**What you need to do**
Below, find the line containing "6mm extraclear tempered"; from there to the final line, print every line exactly and skip the pictures.

**Data shown**
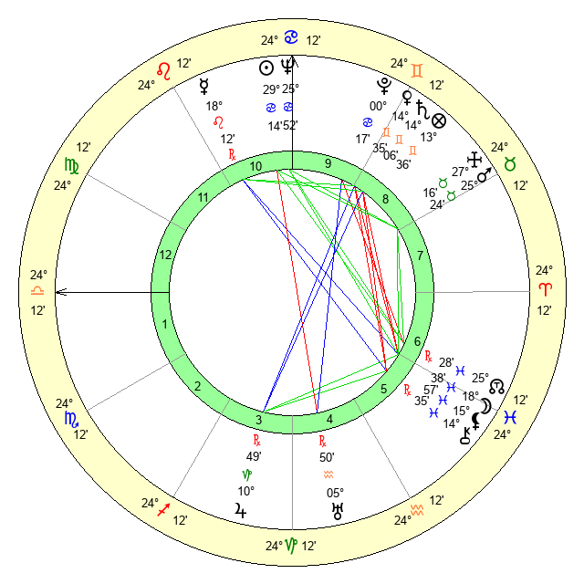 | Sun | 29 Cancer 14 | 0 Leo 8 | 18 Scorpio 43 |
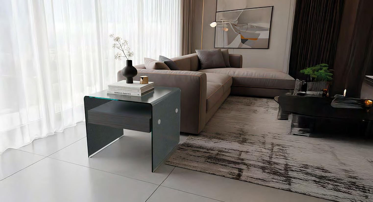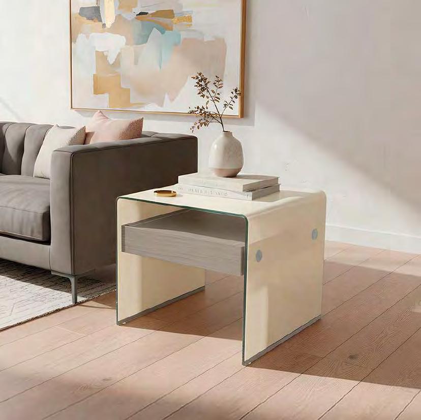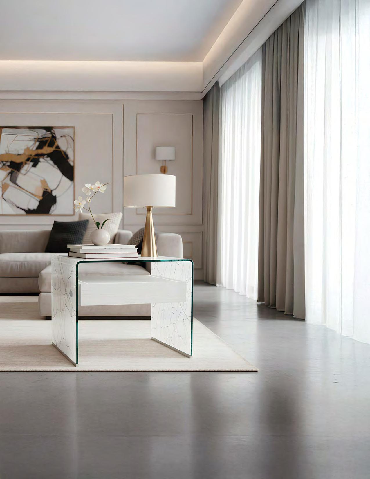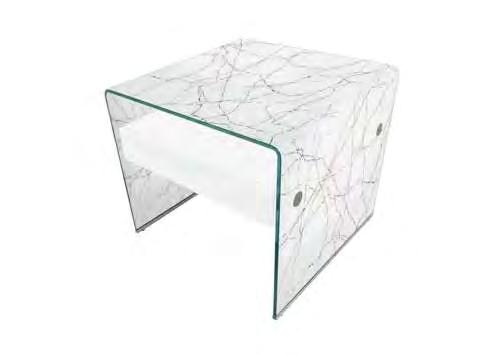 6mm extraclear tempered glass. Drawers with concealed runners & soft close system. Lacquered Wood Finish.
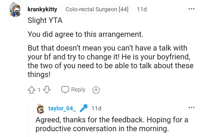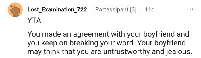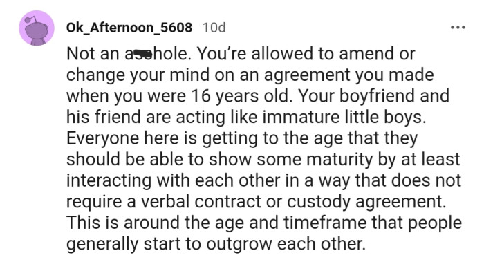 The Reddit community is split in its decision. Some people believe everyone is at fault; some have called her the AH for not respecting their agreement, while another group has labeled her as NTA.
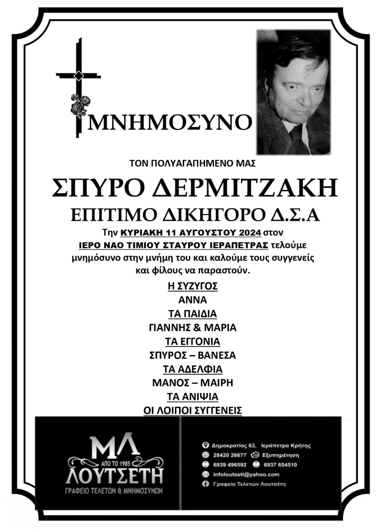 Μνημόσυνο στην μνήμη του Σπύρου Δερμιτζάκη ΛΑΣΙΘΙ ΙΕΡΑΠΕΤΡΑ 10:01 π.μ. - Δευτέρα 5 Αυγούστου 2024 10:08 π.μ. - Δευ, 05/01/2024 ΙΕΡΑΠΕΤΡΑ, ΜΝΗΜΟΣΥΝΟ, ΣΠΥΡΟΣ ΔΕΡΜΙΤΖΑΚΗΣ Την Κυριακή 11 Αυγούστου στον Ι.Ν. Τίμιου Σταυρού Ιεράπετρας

**Answer space**
 6mm extraclear tempered glass. Drawers with concealed runners & soft close system. Lacquered Wood Finish.
 The Reddit community is split in its decision. Some people believe everyone is at fault; some have called her the AH for not respecting their agreement, while another group has labeled her as NTA.
 Μνημόσυνο στην μνήμη του Σπύρου Δερμιτζάκη ΛΑΣΙΘΙ ΙΕΡΑΠΕΤΡΑ 10:01 π.μ. - Δευτέρα 5 Αυγούστου 2024 10:08 π.μ. - Δευ, 05/01/2024 ΙΕΡΑΠΕΤΡΑ, ΜΝΗΜΟΣΥΝΟ, ΣΠΥΡΟΣ ΔΕΡΜΙΤΖΑΚΗΣ Την Κυριακή 11 Αυγούστου στον Ι.Ν. Τίμιου Σταυρού Ιεράπετρας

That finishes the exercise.